- _Exercise objective_:
Output the listing below exactly, minus its images.

======== Given entries ========

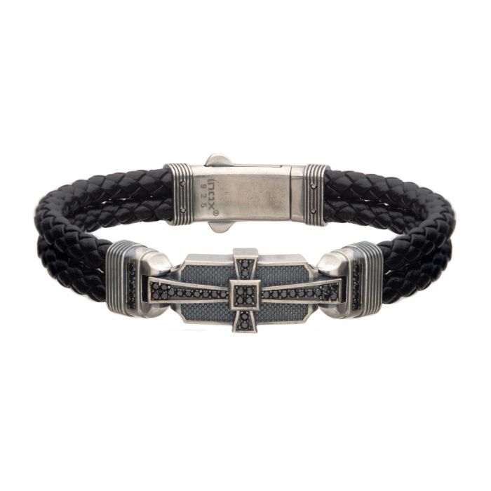 Sterling Silver Double Braid Black Leather Bracelet
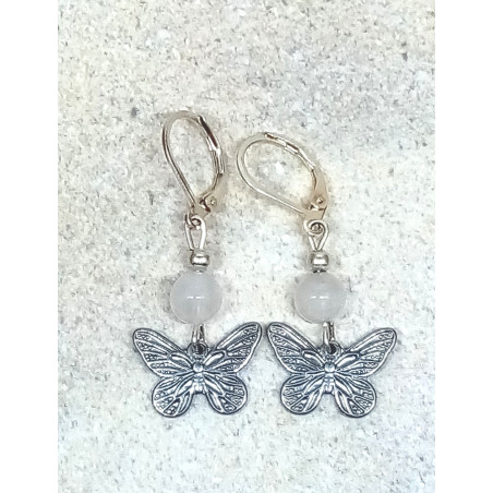 Boucles d'oreilles bien-être quartz rose papillon acier inoxydable
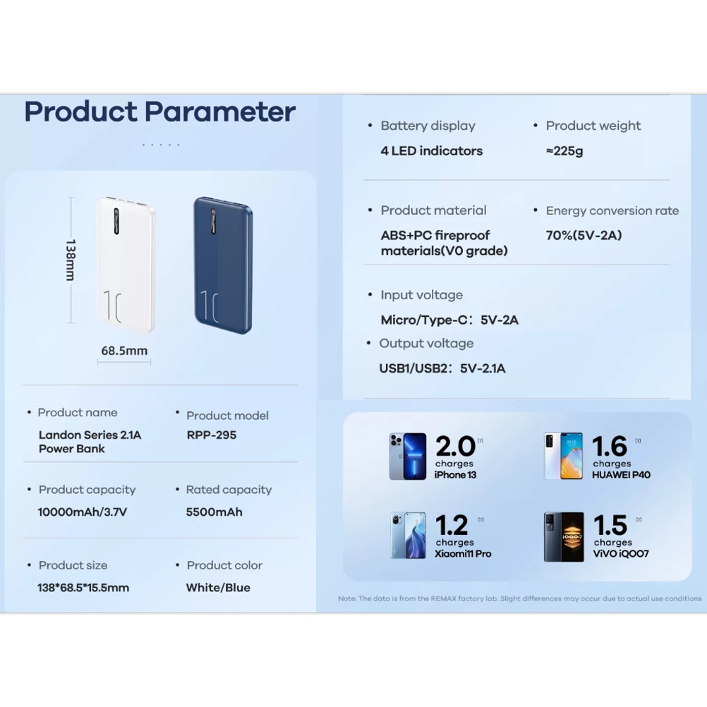 Remax 10,000mAh Light weight Power Bank RPP295 (Blue, White)
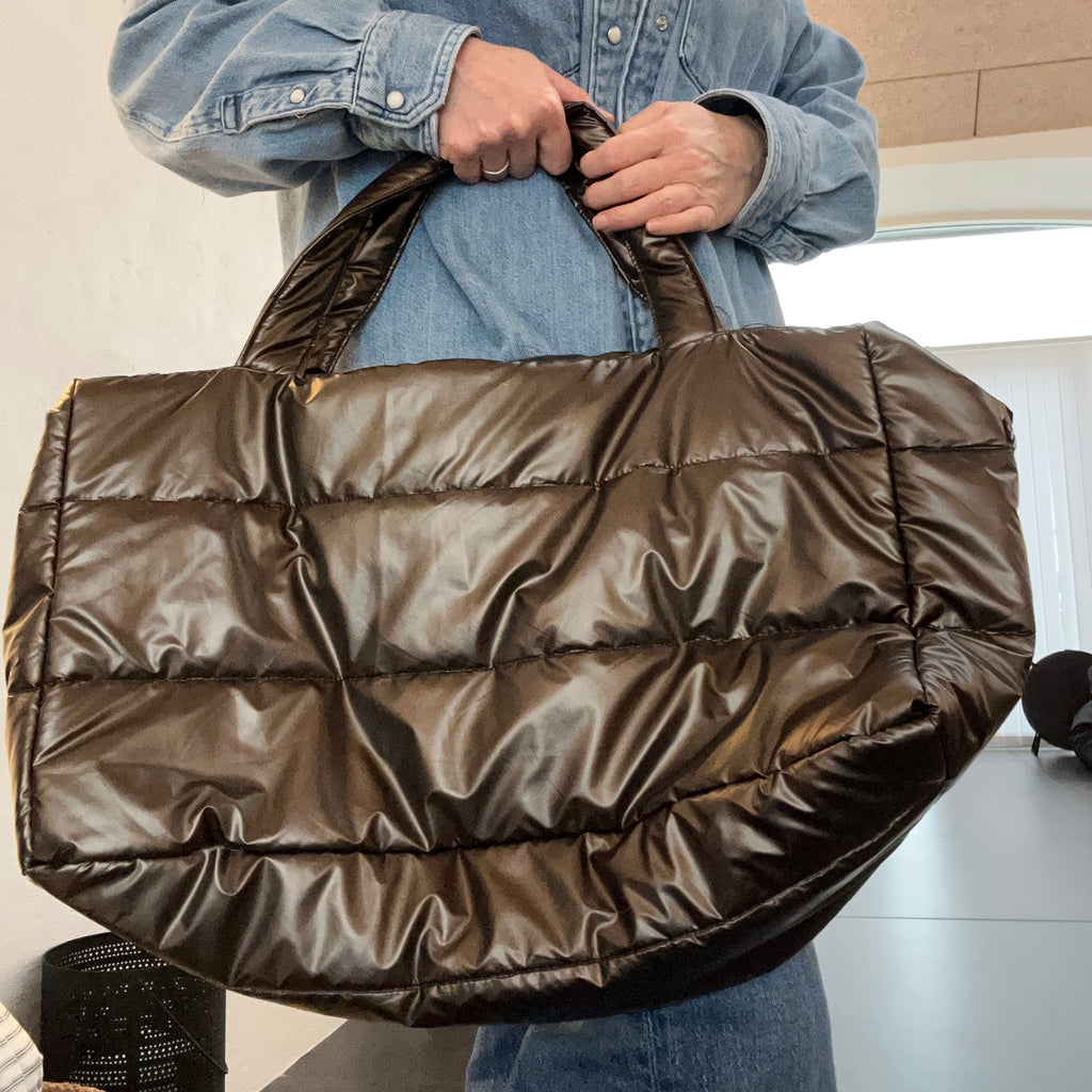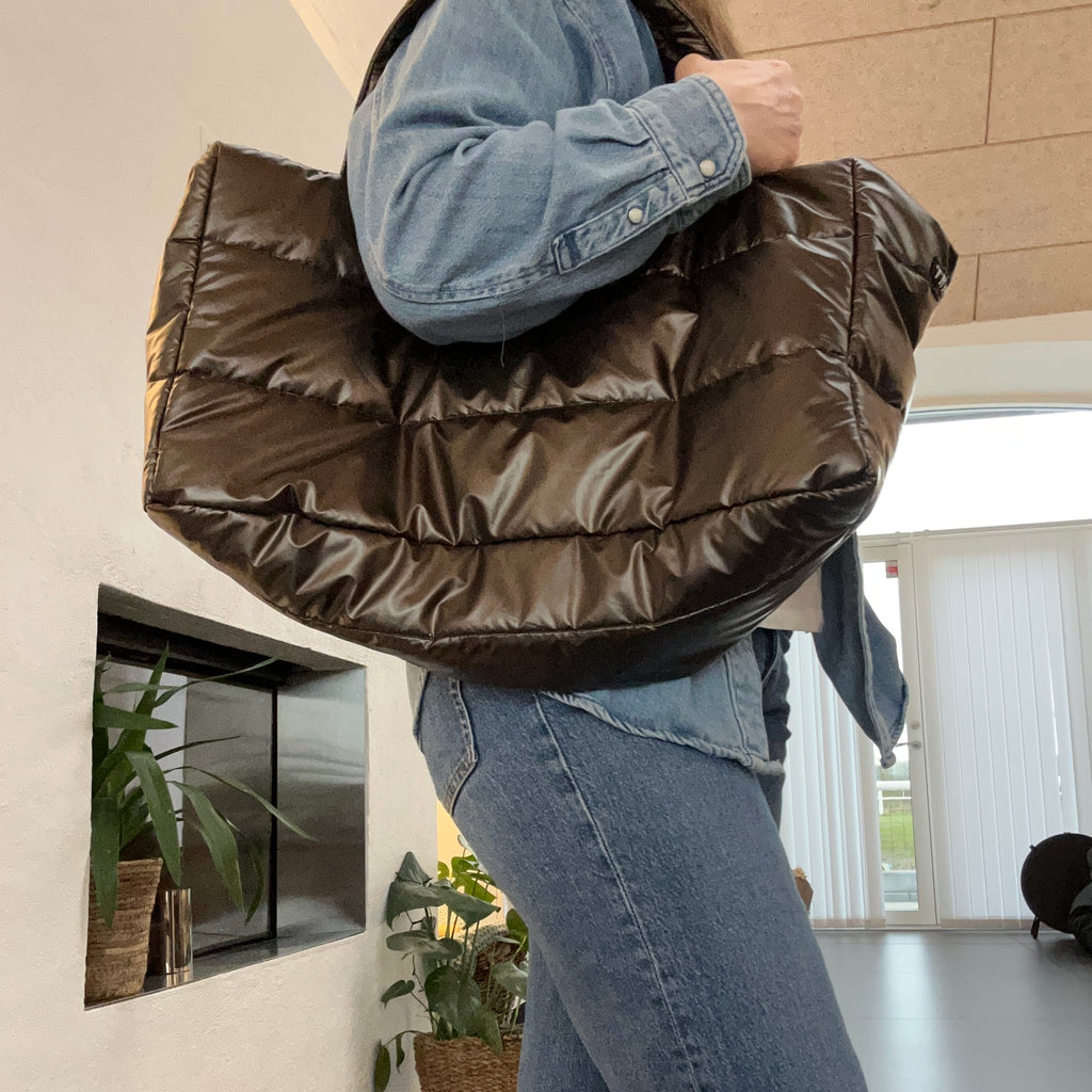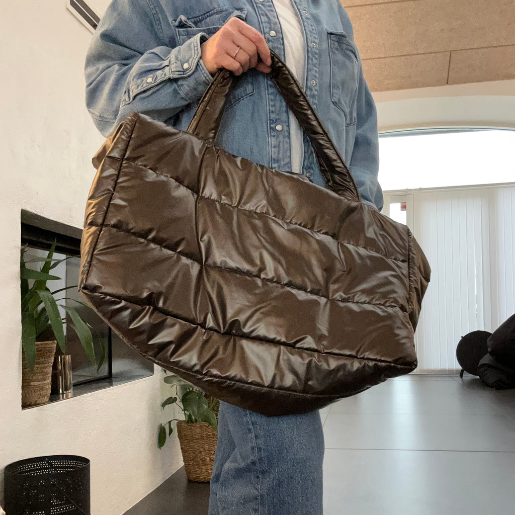 Shopper i brunt skinnende stof.
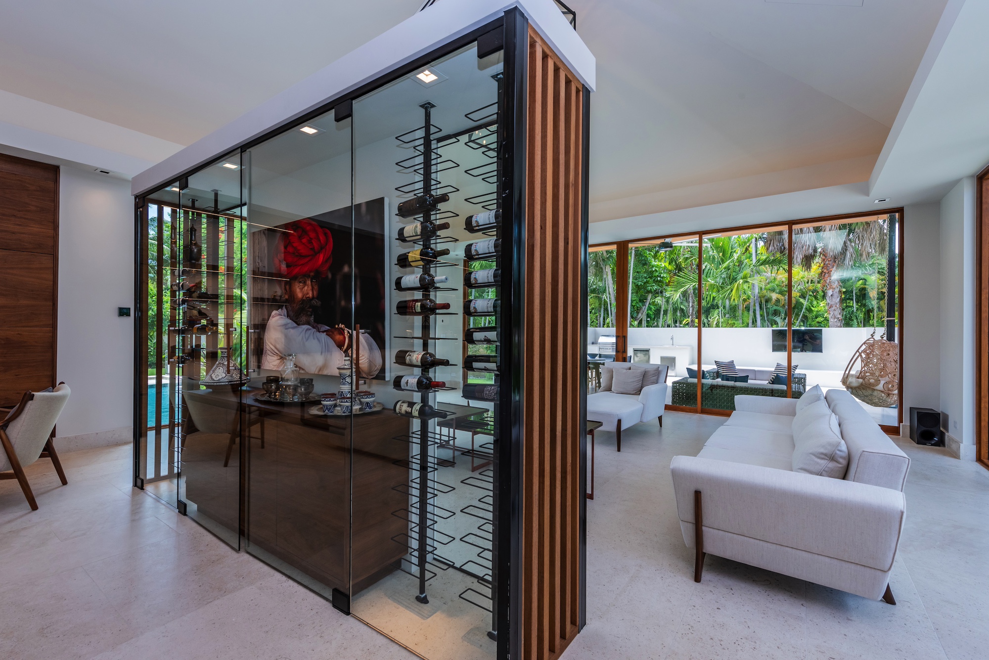 Perfectly positioned just off Biscayne Boulevard and near the 79th Street Causeway, the villa places you within a short drive of Wynwood, downtown Miami, and Miami Beach, giving you effortless access to the city’s top cultural, dining, and entertainment hubs. Indoors and outdoors blend naturally across expansive living areas, from shaded lounges beneath towering palms to curated seating crafted in Indonesia. The pool terrace and veranda create an inviting atmosphere for grilling, gathering, and lingering late into the evening under the soft glow of the floodlit water.

========

- _Your solution_:
 Sterling Silver Double Braid Black Leather Bracelet
 Boucles d'oreilles bien-être quartz rose papillon acier inoxydable
 Remax 10,000mAh Light weight Power Bank RPP295 (Blue, White)
 Shopper i brunt skinnende stof.
 Perfectly positioned just off Biscayne Boulevard and near the 79th Street Causeway, the villa places you within a short drive of Wynwood, downtown Miami, and Miami Beach, giving you effortless access to the city’s top cultural, dining, and entertainment hubs. Indoors and outdoors blend naturally across expansive living areas, from shaded lounges beneath towering palms to curated seating crafted in Indonesia. The pool terrace and veranda create an inviting atmosphere for grilling, gathering, and lingering late into the evening under the soft glow of the floodlit water.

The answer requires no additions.